» WHAT THE TASK REQUIRES: Your output should match the listing below word for word, without any images.

» COLLECTED MATERIAL:
────────

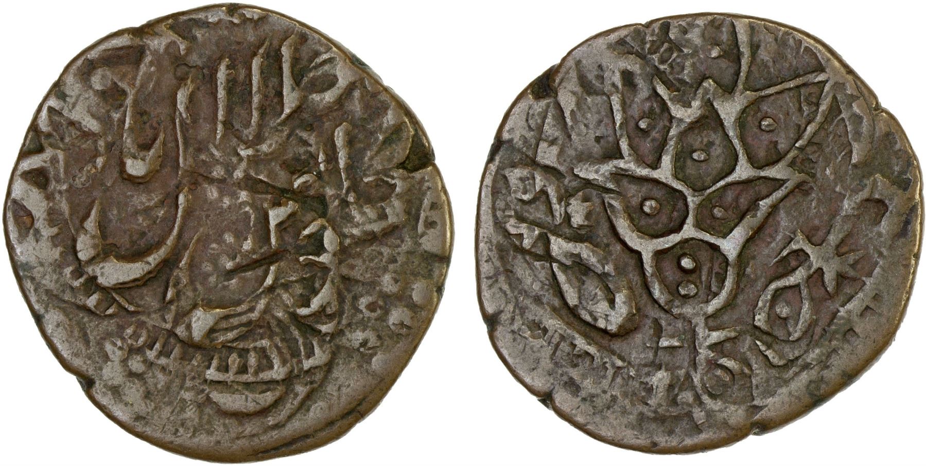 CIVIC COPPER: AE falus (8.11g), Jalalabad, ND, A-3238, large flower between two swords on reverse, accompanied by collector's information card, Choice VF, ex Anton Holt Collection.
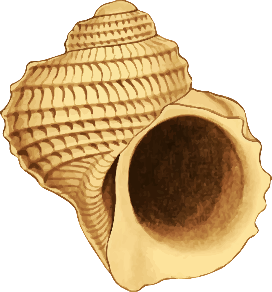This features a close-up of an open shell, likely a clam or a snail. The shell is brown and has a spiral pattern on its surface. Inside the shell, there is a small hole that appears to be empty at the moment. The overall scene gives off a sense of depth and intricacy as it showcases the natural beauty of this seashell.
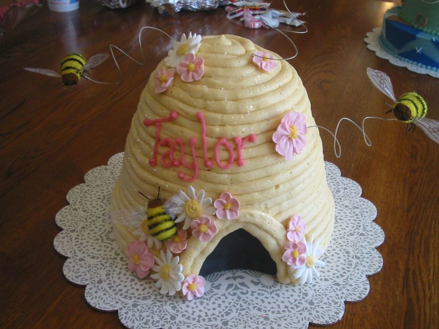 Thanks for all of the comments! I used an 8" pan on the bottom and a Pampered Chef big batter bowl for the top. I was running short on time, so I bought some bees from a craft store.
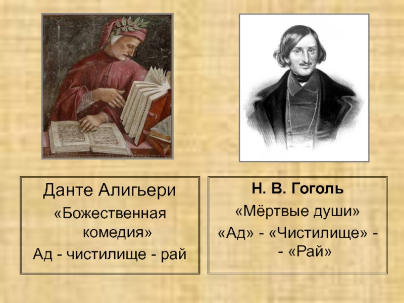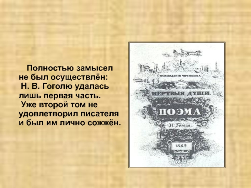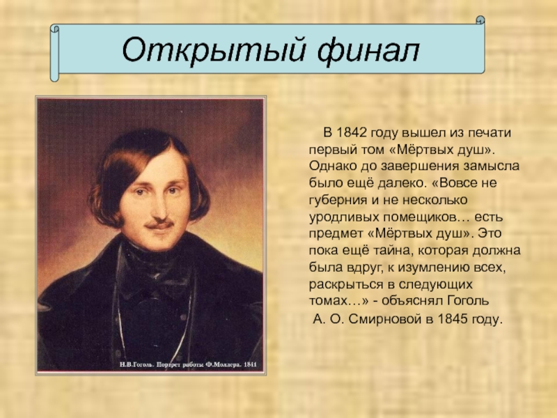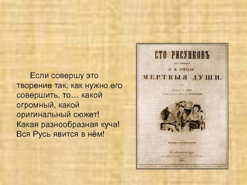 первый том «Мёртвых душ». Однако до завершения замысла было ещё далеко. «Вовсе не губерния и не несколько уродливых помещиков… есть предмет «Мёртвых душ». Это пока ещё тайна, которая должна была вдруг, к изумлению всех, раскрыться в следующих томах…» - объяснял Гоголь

────────

» RESULT FOR THIS EXERCISE:
 CIVIC COPPER: AE falus (8.11g), Jalalabad, ND, A-3238, large flower between two swords on reverse, accompanied by collector's information card, Choice VF, ex Anton Holt Collection.
This features a close-up of an open shell, likely a clam or a snail. The shell is brown and has a spiral pattern on its surface. Inside the shell, there is a small hole that appears to be empty at the moment. The overall scene gives off a sense of depth and intricacy as it showcases the natural beauty of this seashell.
 Thanks for all of the comments! I used an 8" pan on the bottom and a Pampered Chef big batter bowl for the top. I was running short on time, so I bought some bees from a craft store.
 первый том «Мёртвых душ». Однако до завершения замысла было ещё далеко. «Вовсе не губерния и не несколько уродливых помещиков… есть предмет «Мёртвых душ». Это пока ещё тайна, которая должна была вдруг, к изумлению всех, раскрыться в следующих томах…» - объяснял Гоголь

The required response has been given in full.